Items from a data source
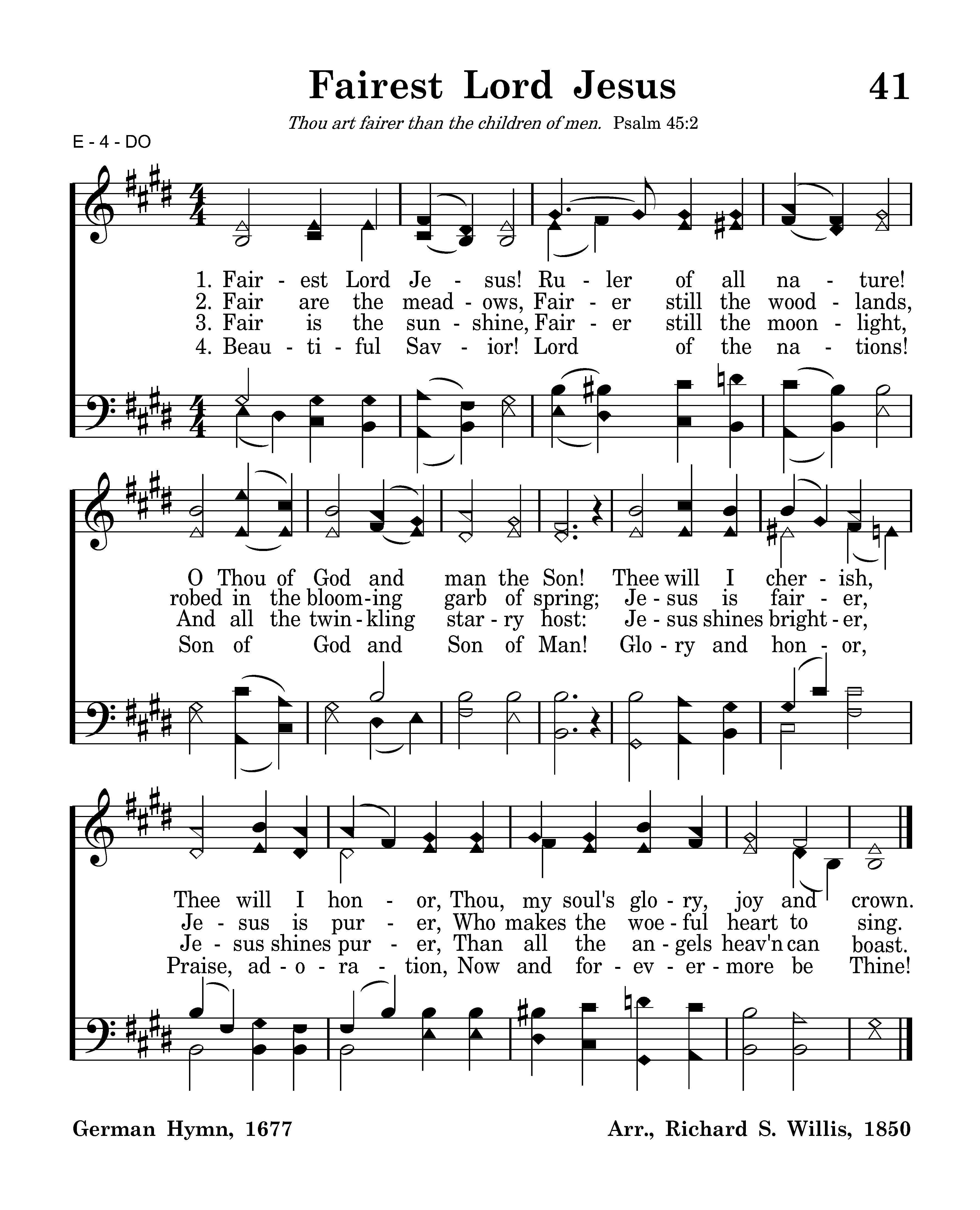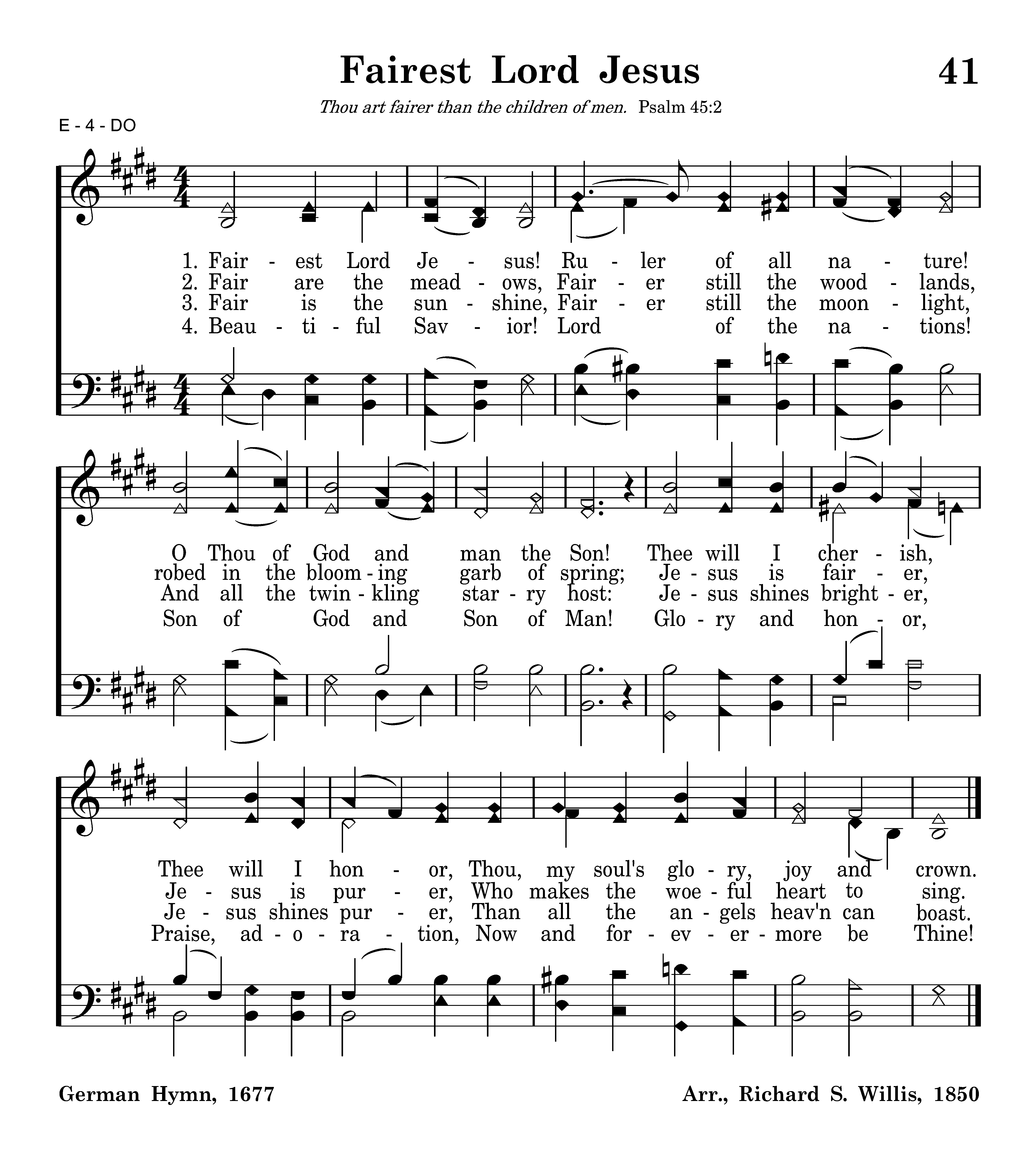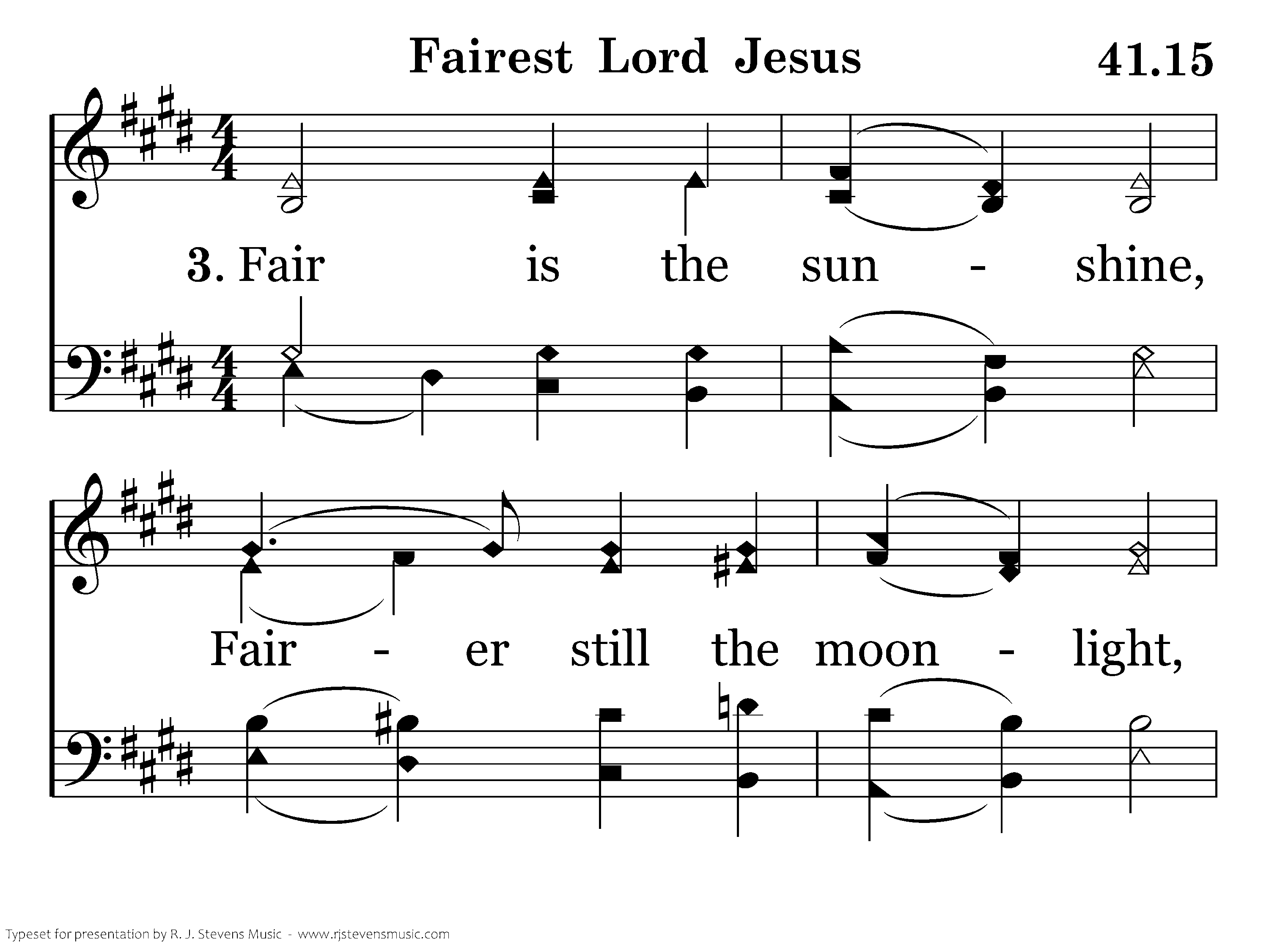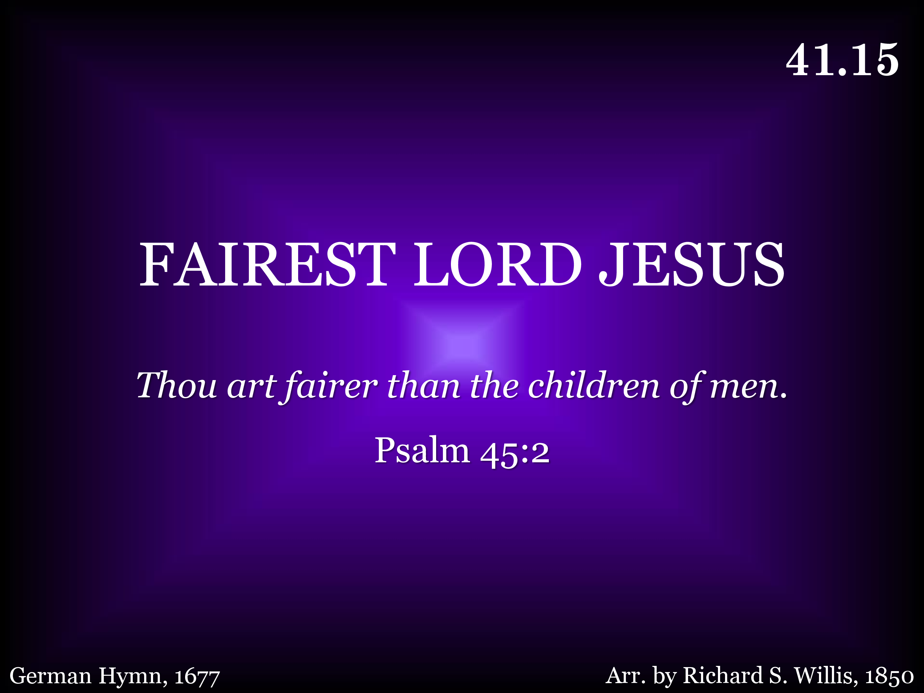 Fairest Lord Jesus! Ruler of all nature! O Thou of God and man the Son! Thee will I cherish, Thee will I honor, Thou, my soul's glory, joy and crown.
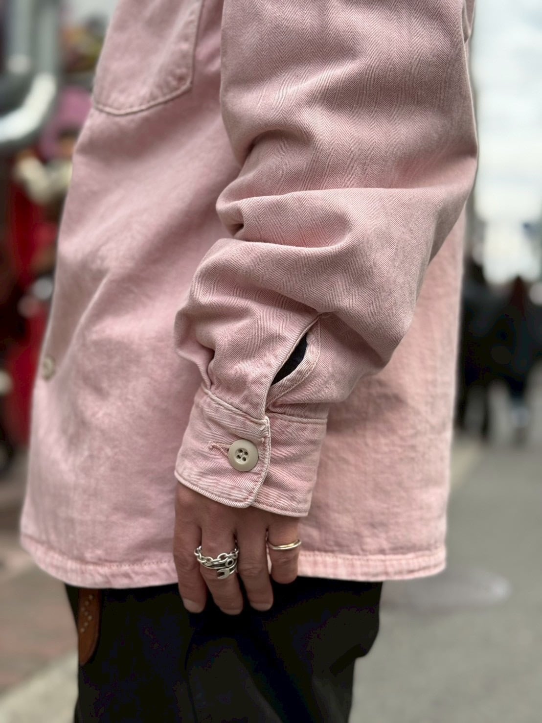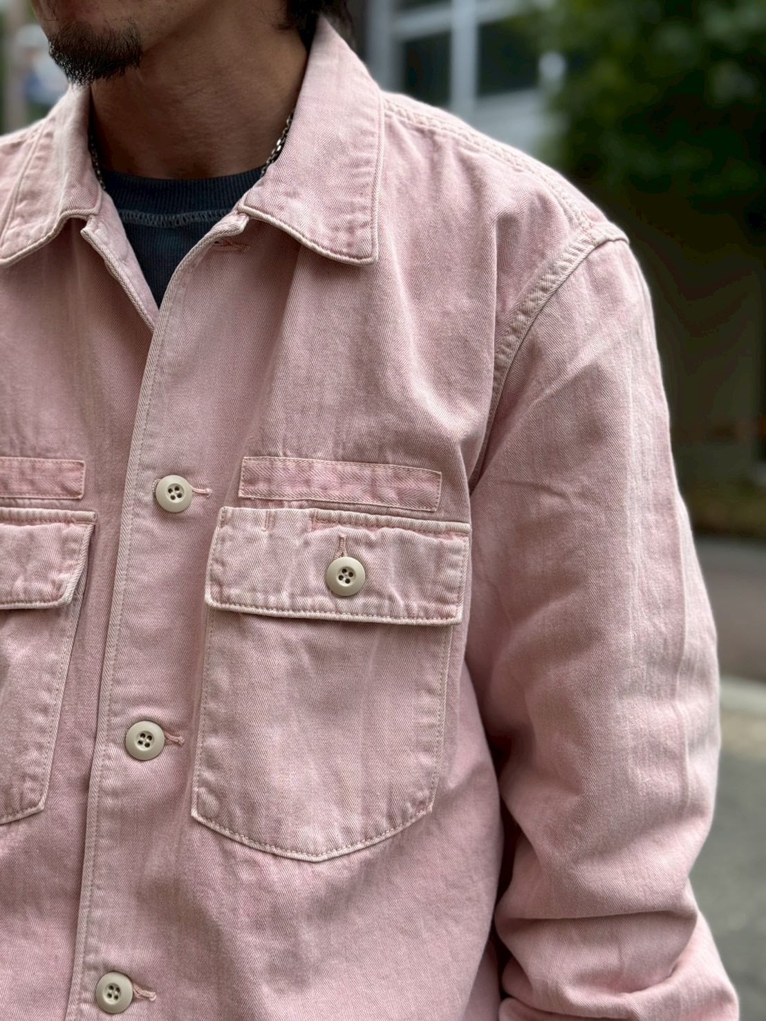 最大の特徴は、ヘリンボーンツイル生地。ミリタリー由来の素材感を活かしながら、最初から洗いをかけることで、着始めから身体に馴染む仕上がりに。
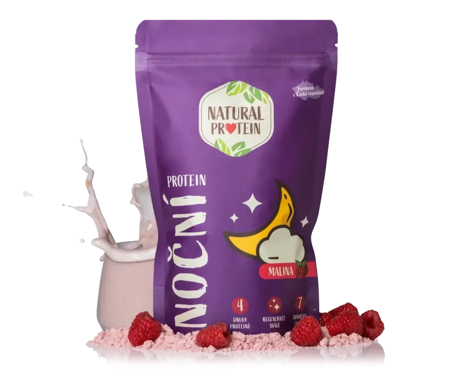 Jak během spánku neztrácet svalovou hmotu? Nakrmte tělo bohatou porcí čtyř kvalitních bílkovin. Micelární kasein se uvolňuje postupně 8 hodin, a tak svaly dostávají důležitou dávku aminokyselin celou noc. Protein zabrání nočnímu odbourávání svalů (katabolismu) a postará se o jejich správnou regeneraci a růst. 7 trávicích enzymů pak pomůže bílkoviny v těle lépe strávit a využít. Fajnšmekři ocení božskou chuť mrazem sušených malin a čistou přírodní recepturu bez umělotin. Stačí rozmíchat ve vodě nebo mléce. Ideálka při dietě a pro sportovce či seniory, kteří nechtějí ztrácet svaly.
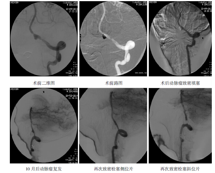 17例病人行支架辅助弹簧圈栓塞夹层动脉瘤,其中9例病人致密填塞动脉瘤,载瘤动脉通畅,8例大部分栓塞动脉瘤,载瘤动脉通畅。术后随访,9例致密栓塞者见1例动脉瘤复发(见图 2),予以再次行栓塞治疗,其余8例未见复发,均无出血及缺血表现。行球囊或弹簧圈闭塞椎动脉组:6例患者夹层动脉瘤均位于非优势侧,对侧代偿良好,术后随访均未见动脉瘤复发,未出现出血及缺血症状。行单纯支架置入术组:均为未破裂出血动脉瘤,12例行支架置入中有8例行单支架,术后随访,动脉瘤均处于稳定中,未见明显缩小及增大。另外4例行双支架重叠置入,术后随访,见1例动脉瘤明显缩小,造影剂滞留。另2例未见变化。观察组:6例未出血动脉瘤且未处理夹层动脉瘤者,6月~1年后随访见4例无明显变化,2例明显增大,遂行支架辅助弹簧圈填塞术,术中致密填塞。术后随访未见复发。(不同血管内治疗的效果见表 1)
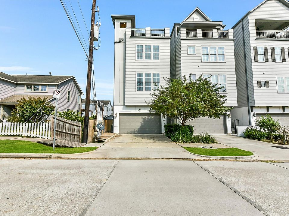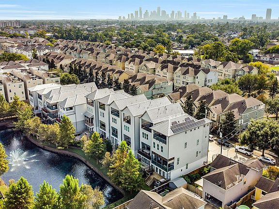*See this one-of-a-kind, distinctive, unique, energy generating home in the Greater Heights w/waterfront living & multiple balconies*. Prime location: 1 mi from 610, 2 mi from I-10 & blocks from White Oak Bayou trail. With solar panels & whole house generator. 3 balconies, 2 are covered (2 on 4th fl, 1 on 2nd). 2nd fl is heart of the home for cooking, entertaining or relaxing, listening to the fountain. Fenced & gated backyard w/ 1st fl deck, cypress & winged elm trees on the pond perimeter. 1st fl bdrm & 2-car garage. 2nd fl has the kitchen w/large island & pantry, dining & family rm w/ 10’ sliding glass doors to the balcony. 3rd fl is the 3rd bdrm, laundry, primary suite & bath w/ two large walk-in closets. 4th fl is game/entertainment/workout rm w/ two 8’ glass sliding doors, opening to a deck to the S (Downtown/Buffalo Bayou) for rays or fireworks, & covered deck to the N featuring the pond w/ water feature. Hardwood floors, crown molding & tall ceilings w/ abundant natural light.
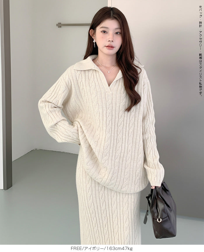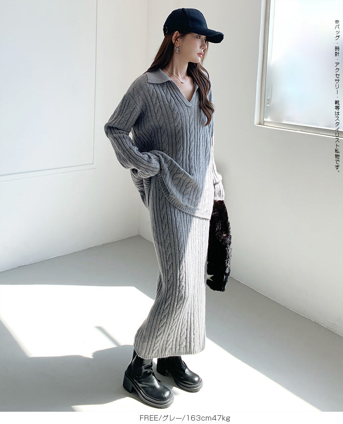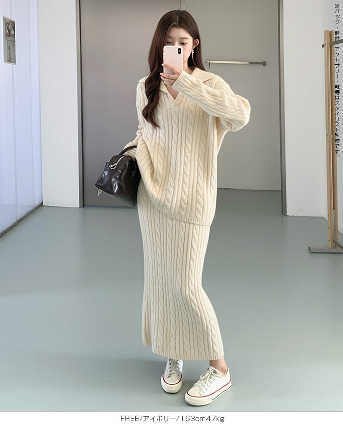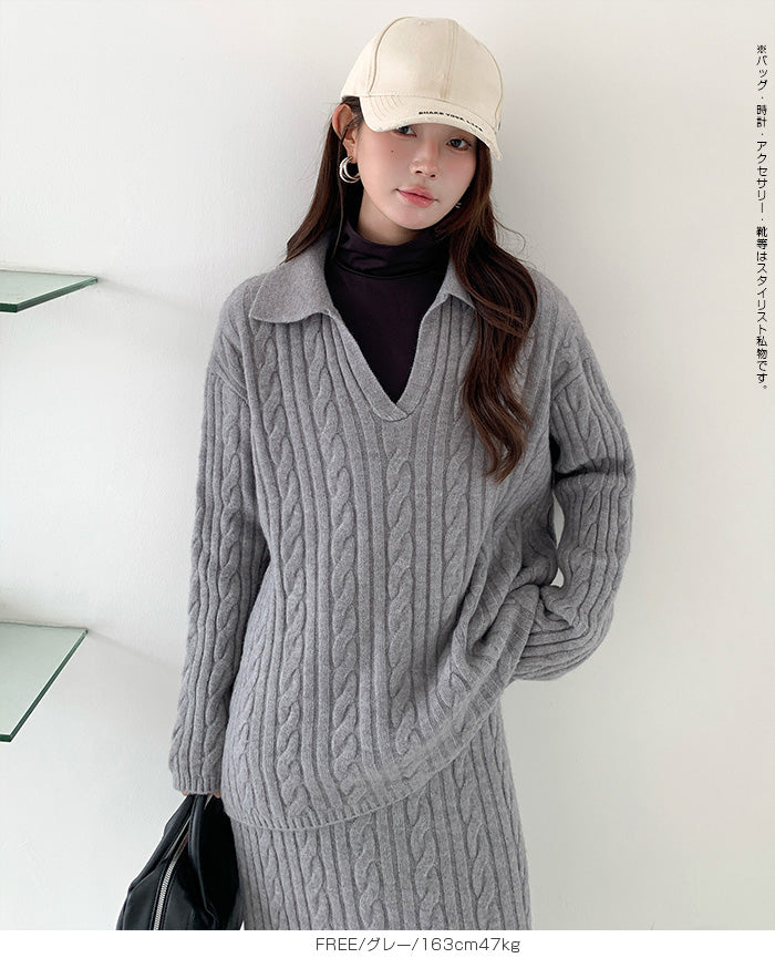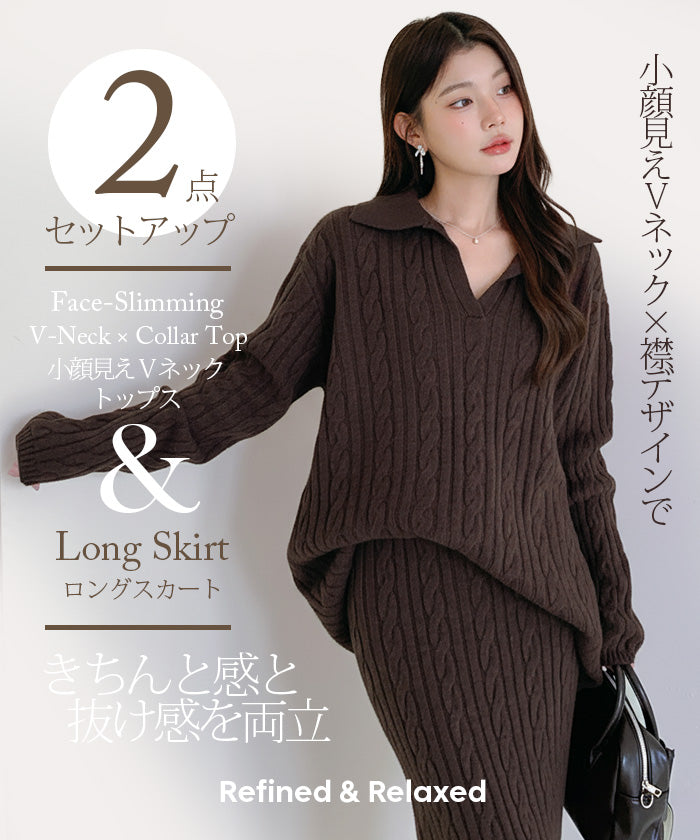トップスはVネック×襟付きデザインで小顔効果もあり、

AIM OF THE TASK
Each record above must be retyped exactly as given, with the images excluded.

THE ANSWER
 Fairest Lord Jesus! Ruler of all nature! O Thou of God and man the Son! Thee will I cherish, Thee will I honor, Thou, my soul's glory, joy and crown.
 最大の特徴は、ヘリンボーンツイル生地。ミリタリー由来の素材感を活かしながら、最初から洗いをかけることで、着始めから身体に馴染む仕上がりに。
 Jak během spánku neztrácet svalovou hmotu? Nakrmte tělo bohatou porcí čtyř kvalitních bílkovin. Micelární kasein se uvolňuje postupně 8 hodin, a tak svaly dostávají důležitou dávku aminokyselin celou noc. Protein zabrání nočnímu odbourávání svalů (katabolismu) a postará se o jejich správnou regeneraci a růst. 7 trávicích enzymů pak pomůže bílkoviny v těle lépe strávit a využít. Fajnšmekři ocení božskou chuť mrazem sušených malin a čistou přírodní recepturu bez umělotin. Stačí rozmíchat ve vodě nebo mléce. Ideálka při dietě a pro sportovce či seniory, kteří nechtějí ztrácet svaly.
 17例病人行支架辅助弹簧圈栓塞夹层动脉瘤,其中9例病人致密填塞动脉瘤,载瘤动脉通畅,8例大部分栓塞动脉瘤,载瘤动脉通畅。术后随访,9例致密栓塞者见1例动脉瘤复发(见图 2),予以再次行栓塞治疗,其余8例未见复发,均无出血及缺血表现。行球囊或弹簧圈闭塞椎动脉组:6例患者夹层动脉瘤均位于非优势侧,对侧代偿良好,术后随访均未见动脉瘤复发,未出现出血及缺血症状。行单纯支架置入术组:均为未破裂出血动脉瘤,12例行支架置入中有8例行单支架,术后随访,动脉瘤均处于稳定中,未见明显缩小及增大。另外4例行双支架重叠置入,术后随访,见1例动脉瘤明显缩小,造影剂滞留。另2例未见变化。观察组:6例未出血动脉瘤且未处理夹层动脉瘤者,6月~1年后随访见4例无明显变化,2例明显增大,遂行支架辅助弹簧圈填塞术,术中致密填塞。术后随访未见复发。(不同血管内治疗的效果见表 1)
*See this one-of-a-kind, distinctive, unique, energy generating home in the Greater Heights w/waterfront living & multiple balconies*. Prime location: 1 mi from 610, 2 mi from I-10 & blocks from White Oak Bayou trail. With solar panels & whole house generator. 3 balconies, 2 are covered (2 on 4th fl, 1 on 2nd). 2nd fl is heart of the home for cooking, entertaining or relaxing, listening to the fountain. Fenced & gated backyard w/ 1st fl deck, cypress & winged elm trees on the pond perimeter. 1st fl bdrm & 2-car garage. 2nd fl has the kitchen w/large island & pantry, dining & family rm w/ 10’ sliding glass doors to the balcony. 3rd fl is the 3rd bdrm, laundry, primary suite & bath w/ two large walk-in closets. 4th fl is game/entertainment/workout rm w/ two 8’ glass sliding doors, opening to a deck to the S (Downtown/Buffalo Bayou) for rays or fireworks, & covered deck to the N featuring the pond w/ water feature. Hardwood floors, crown molding & tall ceilings w/ abundant natural light.
トップスはVネック×襟付きデザインで小顔効果もあり、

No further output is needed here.